Mendel Brikman’s grandfather was a Chassid named Isser. Reb Isser settled with his wife and sons in Albany NY, where he had a job as a Shochet (ritual slaughterer) in one of the Kosher meat-houses back then in downtown Albany. They were the first Chabad family in Albany, and an important factor in the early development of Cong. Shomray Torah (then on Elm Street, later on New Scotland) and a lasting inspiration to some locals.

This is a Photo of Rabbi Mendel's brothers Yossi and Shmuly taking down a Sukkah in Flannel ShirtsTwo of those locals, named Yisroel and Feivel, whom Reb Isser had inspired to greater observance and involvement, were sitting in the Shteeble one day after Yom Kippur when Reb Isser walked in, wearing a thick red flannel shirt telling them, “Come build me a Sukkah!”

(This photo is not of Isser, but of Rabbi Mendel’s brothers Yossi and Shmuly taking down the Shabbos House Sukkah – in red flannel shirts!)

Reb Isser was a Chassid, a pious old-school Yid, with a big untrimmed square beard – but they loved his earthiness, his hands-on Judaism, the physicality of all of it. It wasn’t cerebral, it wasn’t a text, it was a flannel shirt to build a Sukkah!

Yisroel and Feivel often refer back to this scene, this beloved red-flannel shirt Sukkah-building memory of Reb Isser Brikman.

I think the same could be said of his grandson Mendel Brikman, also of blessed memory. He was a down-to-earth guy. He started a business, he and a cousin owned and ran a retail electronics business in Brooklyn that eventually opened a few branches. He wasn’t a Chabad Rabbi or Chabad House director. He was a working Chassid. He was people-minded, he was sensitive to people’s needs and their troubles. He was a big guy with a big heart.

The beauty of Mendel Brikman’s Chassidic style – like his grandfather’s before him – was its earthiness, that it was physical, it was about people more than books or ideas.
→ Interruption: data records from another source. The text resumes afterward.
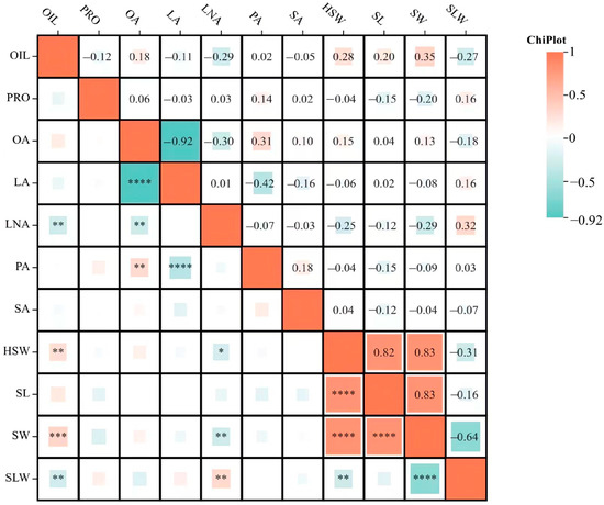 Correlation analysis of soybean protein, oil, and fatty acid components. (*, **, ***, ****) represent significance at the 0.05, 0.01, 0.001, and 0.0001 probability levels. The data in this table are the average results of the four environments.
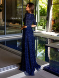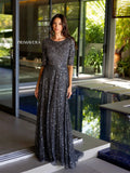 Chic beaded dress with high neckline and elbow length sleeves.
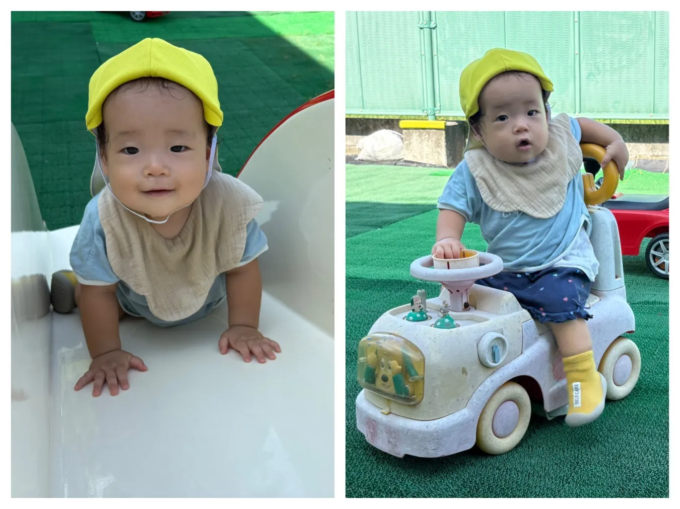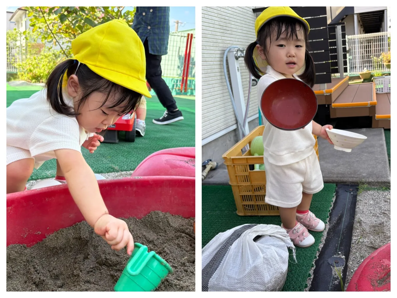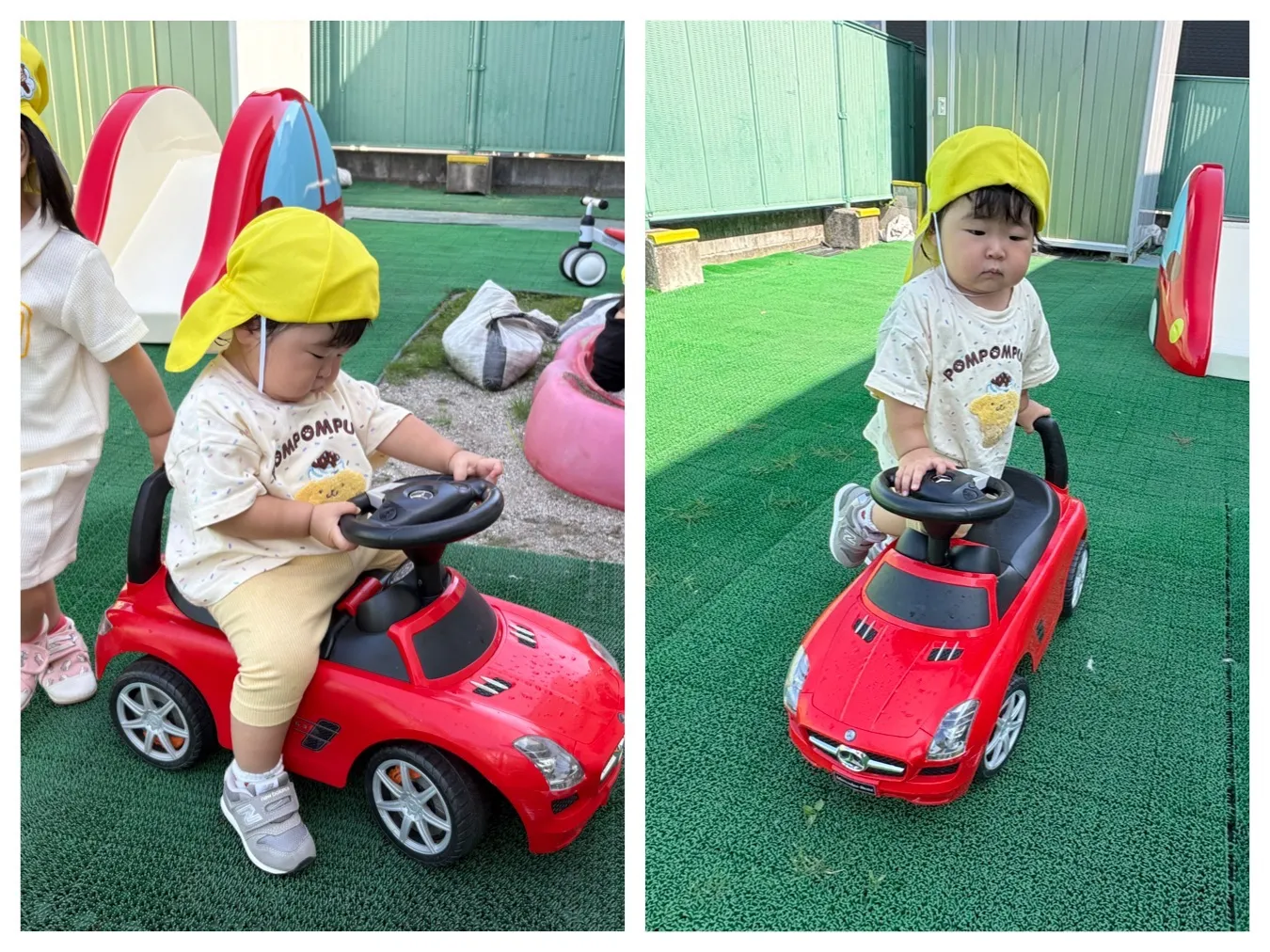 今日は西側の園庭で遊びました。今日は、またまた日差しが厳しくなって西側の日陰は涼しく感じました。車の乗り物を押したりのったり、、滑り台や砂場を楽しんでいました。水分補給もこまめにして体調管理にも気を付けながら遊びました。
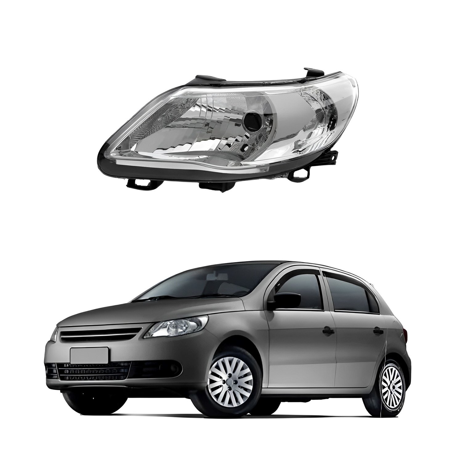 Farol VW Gol Voyage G5 2009 Até 2012 Saveiro G5 2009 Até 2013 Foco Simples Cromada Lado Esquerdo Motorista
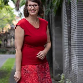 Vyzkoušejte si také, jak vám bude tričko slušet výstřihem dozadu. Na zádech zvýrazní linii šíje a vepředu vytvoří elegantní lodičkový výstřih.
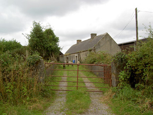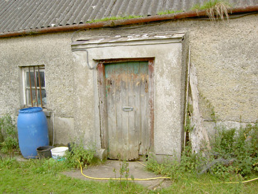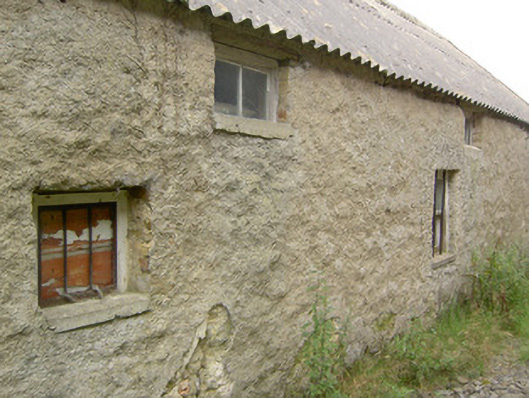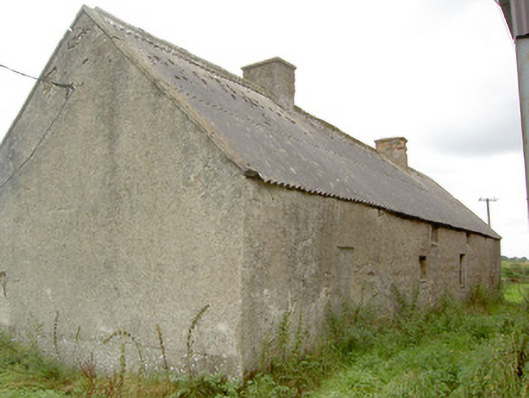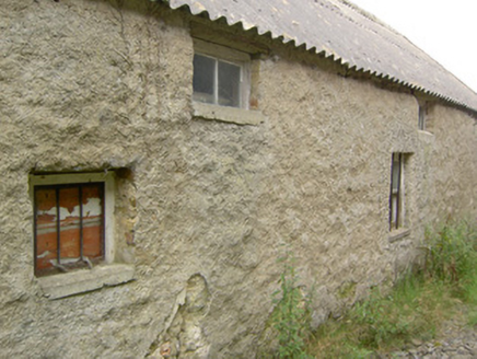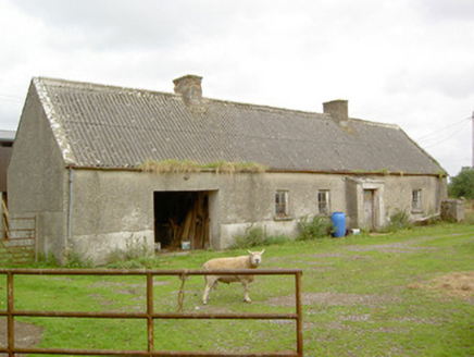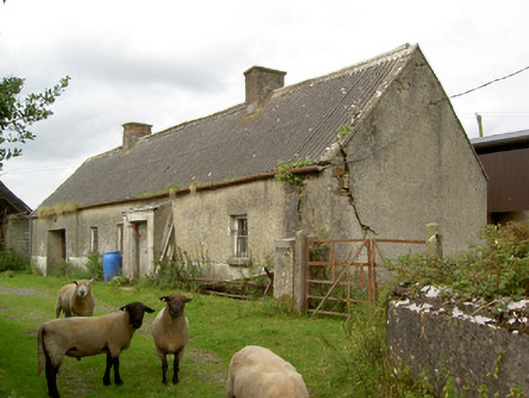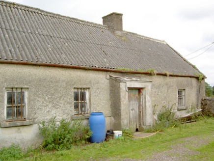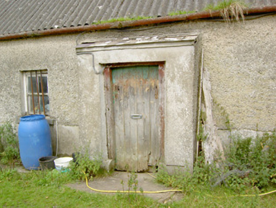 Although now disused, this single-storey vernacular house retains its early form. Its original character has been preserved in the retention of features and materials such as asymmetrically placed timber sliding sash windows, tooled limestone sills, a timber battened door and a traditional windbreak porch to the entrance. The position of one of the chimneystacks, in line with the doorway, suggests that it has the lobby-entry plan that is characteristic of the vernacular architecture of the midlands of the Ireland. It is arranged at a right angle to the road, which is also a typical characteristic of the extended vernacular tradition in Ireland. The rear elevation is particularly interesting with a variety of window openings at both ground and attic level, perhaps suggesting that this building is of considerable antiquity. The steep pitch of the roof suggests that it was formerly thatched. The outbuilding/shed to the southwest end, under the same roofline as the main building is another feature of the Irish vernacular tradition. The simple rubble stone outbuildings complete the setting and adds to this interesting example of vernacular architecture.

He had a geshmak in things, with taste, relish, zest and gusto.

His untimely passing, and the terrible illness leading to it, is a tremendous loss and blow to his wife and children, to his family – but also to all who knew him, to the community where he was beloved, and to all those whose life he touched.

May his memory be a blessing. So sad to say that about a classmate.